Samtools sort
Sort and (optionally) index alignments.
Info
ID: samtools_sort
Namespace: mapping
Links
Reads are sorted by leftmost coordinates, or by read name when --sort_by_read_names
is used.
An appropriate @HD-SO
sort order header tag will be added or an existing one updated if necessary.
Note that to generate an index file (by specifying --output_bai
), the default coordinate sort must be used.
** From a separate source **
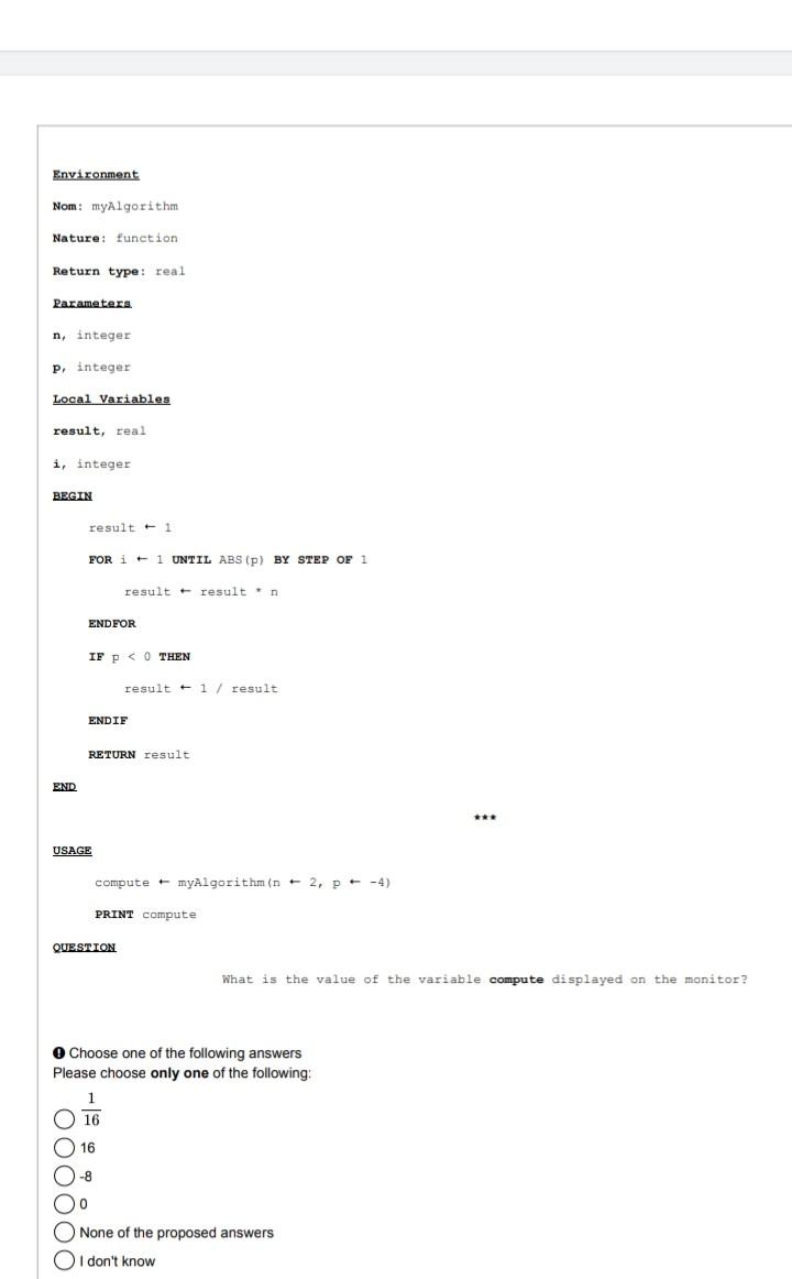 Solved Environment Nom: myAlgorithm Nature: function Return | Chegg.com

Thus the --sort_by_read_names
and --sort_by <TAG>
options are incompatible with --output_bai
.
Example commands
You can run the pipeline using nextflow run
.
View help
You can use --help
as a parameter to get an overview of the possible parameters.
nextflow run openpipelines-bio/openpipeline \
-r 1.0.2 -latest \
-main-script target/nextflow/mapping/samtools_sort/main.nf \
--help
Run command
Example of params.yaml
# Arguments
minimizer_cluster: false
# minimizer_kmer: 20
sort_by_read_names: false
# sort_by: "foo"
no_pg: false
# Input
input: # please fill in - example: "input.bam"
# Output
# output_bam: "$id.$key.output_bam.bam"
# output_bai: "$id.$key.output_bai.bai"
# output_format: "bam"
# compression: 5
# Nextflow input-output arguments
publish_dir: # please fill in - example: "output/"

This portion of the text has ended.